There is a substantial body of evidence about the negative short-term effects such drugs can have.
The drugs, normally prescribed for prostate cancer and uterine pain and less often to counter premature puberty, sharply decrease hormones related to sexual development and have been linked to side-effects ranging from brittle bones, joint pain, and blood disorders to mental health issues including depression, impaired memory, and lowered IQ. One 2016 study found that girls treated with puberty blockers had an eight-point lower IQ score than controls who did not receive the treatment.
Shelnutt said optometrists in the state of Alabama have been advised to watch for side-effects of the drugs which can alter vision.
There is very little research into the long-term effects of puberty-blocking drugs. One 2018 study of long-term risks of puberty blockers from researchers at Boston Children’s Hospital found that while side effects of the drugs are “advertised to resolve three-six months after stopping treatment,” in actuality, “the majority of subjects reported long-term side effects … while almost one-third reported irreversible side effects that persisted for years after discontinuing treatment.”
Some media expressed disbelief at Paul’s accusation that transgender drugs are even given to children. However, one of the leading specialists in the field of transgender medicine is Dr. Johanna Olson-Kennedy of Children’s Hospital Los Angeles, who received at least $5.7 million from the National Institutes for Health to study the “impact of early medical treatment on transgender youth.”

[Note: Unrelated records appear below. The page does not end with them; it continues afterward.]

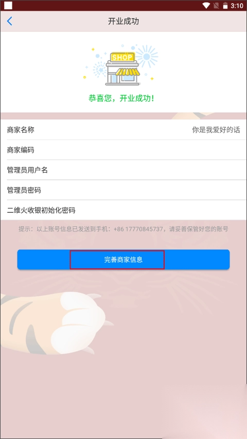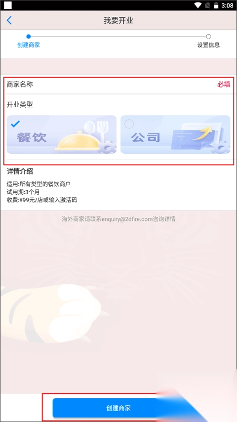 2、填写你的店铺名称、开业类型,点击下方的“创建商家”按钮;
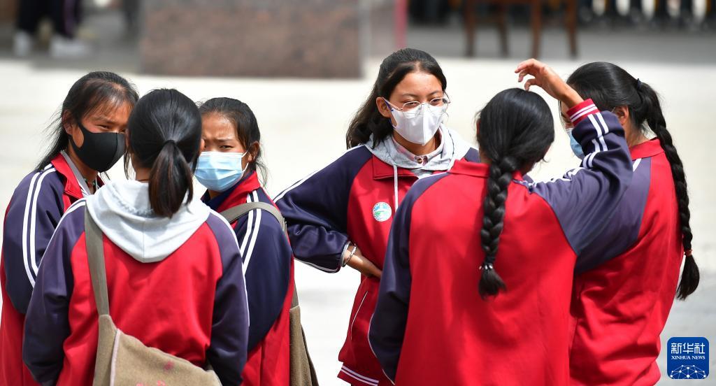 碌曲縣藏族中學(xué)的幾名高二學(xué)生在校園里交流(8月30日攝)。新華社記者 陳斌 攝
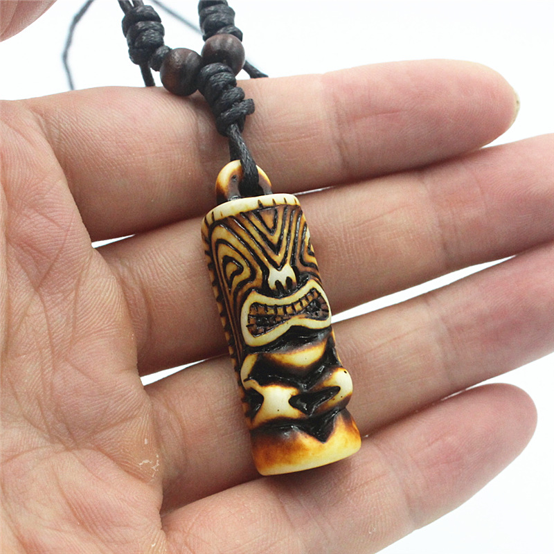 European and American men's tree finger Tiki necklace Tiki statue pendant necklace sweater chain imitation bone jewelry wholesale
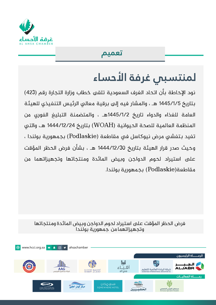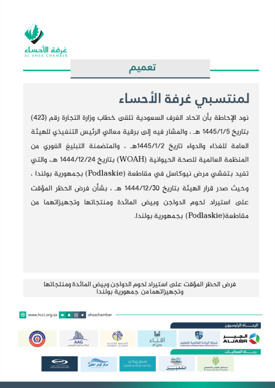 فرض الحظر المؤقت على استيراد لحوم الدواجن وبيض المائدة ومنتجاتها وتجهيزاتهما من جمهورية بولندا
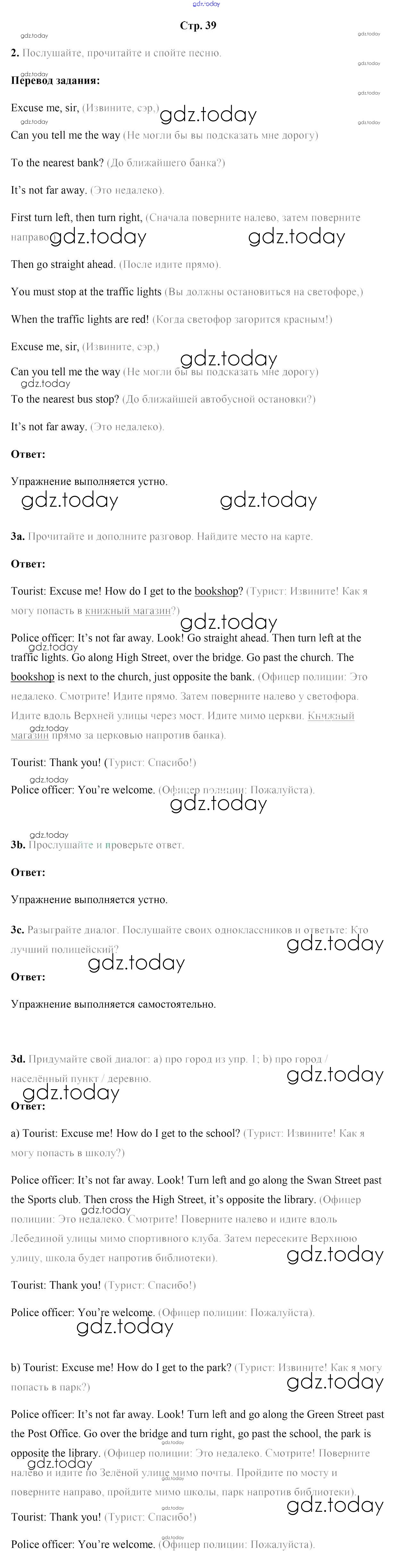 На страницах сайта gdz.today вы найдете учебный и вспомогательный материал, направленный на улучшения знаний школьной программы. ГДЗ - онлайн мир знаний Решение к части 2. Страницы 39 Учебнику по Английскому языку для 5 класса Лапицкая, Калишевич Народная асвета 2020

The study was altered to lower the minimum age of treatment from 13 to 8 years so that children as young as 8 could receive not just hormone blockers but potent doses of irreversible “cross-sex hormones” testosterone and estrogen.
‘Transgender’ Regrets
In December, the United Kingdom’s High Court ruled in favor of a young woman, Keira Bell, who said she was treated as a “guinea pig” at a gender-identity clinic for children and that she regrets the “devastating experiment” of taking the puberty-blocking drugs that led to more potent cross-sex hormones and then a double mastectomy at age 20.
Like the Alabama Senate bill, the U.K. court ruled that it is unlikely that children under 16 are able to grasp the “long-term risks and consequences” and give informed consent to risky medical interventions that may lead down a one-way path to drastic sex-change surgeries.
Social media platforms are rife with complaints from transgender youths who have been put on hormone treatments as part of “transgender therapy. A recent Reddit post on a page called Asktransgender says, “I just got diagnosed with osteopenia at age 24. This is the direct result of the incompetence of at least 3 endocrinologists in my city who never knew how to raise my [estrogen] levels properly and simply never cared.”
“Literally every [sic] adults but also doctors in my life failed and neglected me, and I now have to suffer the consequences of it,” the entry said, “having to deal with the bone density/quality of a postmenopausal elderly woman before I could even reach my mid-20s, adding to the crippling mental illnesses.”